Officials told Reuters that Rami Hamdallah, an academic and independent who became prime minister two weeks ago, decided to step down after a dispute over authority with his deputy, who is an Abbas loyalist and is close to the ruling Fatah party.
“The president accepted the resignation of the prime minister and designated him to head an interim government,” Abbas spokesman Nabil Abu Rdaineh said.
With Abbas setting policy with Israel, the political tussle over the prime ministerial post seemed unlikely to have an impact on renewed U.S. efforts to revive Israeli-Palestinian peace talks.
U.S. Secretary of State John Kerry is due to return in the coming week for another attempt to restart the negotiations frozen since 2010 in a dispute over Jewish settlement expansion on occupied land Palestinians seek for a state.
“When we talk about the peace process, President Abbas is our interlocutor and so it’s not going to have an impact,” State Department spokesman Patrick Ventrell told reporters on Friday, a day after Hamdallah submitted his resignation.
“Whatever happens, it’s important that the Palestinian Authority government remain committed to that effort of institution-building,” Ventrell said.
Hamdallah’s predecessor Fayyad, a U.S.-educated economist, resigned in April after six years in office marred by tough economic challenges but strides in setting touchstones vital to future Palestinian statehood.

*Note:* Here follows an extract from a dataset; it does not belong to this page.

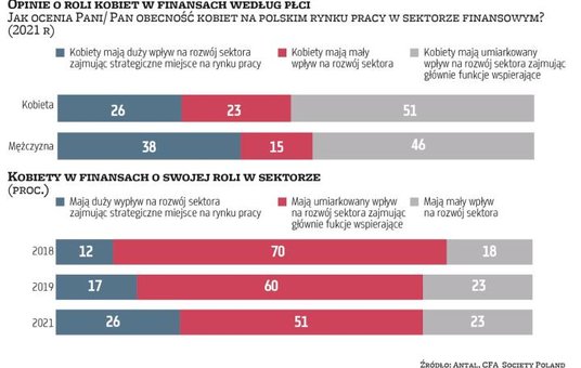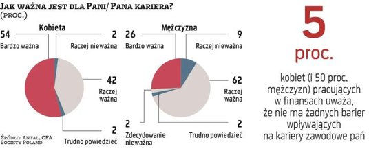 Wprawdzie w tym roku do 17 proc. (z 6 proc. w 2019 r.) zwiększyła się grupa specjalistów i menedżerów sektora finansów, którzy nie dostrzegają żadnych zewnętrznych barier hamujących aktywizację kobiet, ale jest to przede wszystkim efekt pozytywnych opinii męskiej części badanych. Co drugi z nich uważa, że nic nie ogranicza kobiecych karier. Wśród samych kobiet takich opinii jest dziesięć razy mniej, bo 5 proc. – jak wskazuje tegoroczna, trzecia edycja raportu „Kobiety w finansach" przygotowanego przez firmę rekrutacyjną Antal i CDF Society Poland.
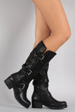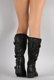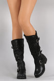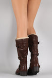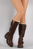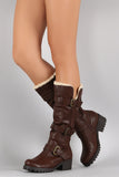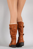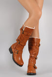 These stylish boots feature a round toe silhouette, triple buckles strap detail on shaft, stitching accents, shearling lining at cuff with slits, and low block heel. Finished with cushioned insole, soft faux fur interior lining, and full-length side zipper closure for easy on/off.

Fayyad was widely respected in the West for his efforts to curb Palestinian corruption. The former World Bank official was valued as a transparent conduit for foreign aid money crucial to keeping the economically struggling government afloat.
But Fatah politicians eager to control the levers of power berated his ties to the West. Their disapproval of Fayyad, along with popular discontent over high taxes and prices, helped squeeze him out.
EMBARRASSMENT
Hani al-Masri, an independent Palestinian political analyst, said Hamdallah’s resignation was another embarrassment for Abbas, whose government exercises limited self rule in the West Bank under interim peace deals with Israel.
“This time, he (Abbas) doesn’t have the excuse that the man was propped up by the West or had his own ambitions,” Masri said, referring to political accusations that political opponents often directed at Fayyad, an independent.
Mohammed Mustafa, the deputy prime minister widely seen as having been behind the swift challenge to Hamdallah, is being touted as his possible successor, along with Abu Amr, a former foreign minister.
Under Palestinian law, a replacement must be named within two weeks.
U.S. officials had expressed misgivings with Mustafa as a potential prime minister, a Western diplomat told Reuters.
A Reuters investigation in 2009 found that U.S. aid in the form of loan guarantees meant for Palestinian farmers were given to a mobile phone company backed by Abbas and headed by Mustafa.
At the time, Mustafa denied any wrongdoing said the funds were used to help fuel Palestinian job creation. Abbas’s administration did not comment at the time.
Abbas’ most powerful rival, the Hamas Islamist group that wrested control over the Gaza Strip away from Fatah in 2007, said Hamdallah’s resignation showcased divisions that only prolonged the Palestinian political split.
Since the brief civil war after Hamas won legislative polls in 2006, Palestinians have had no functioning parliament or national elections, and a unity pact pledged by Hamas and Fatah in 2011 and renewed this year has yet to materialise.
Wasel Abu Yousef, a top official in the Palestine Liberation Organisation, told Reuters the new prime ministerial vacancy could be an opportunity for Abbas himself to head an interim government of technocrats, pending new parliamentary polls envisaged by the reconciliation accord.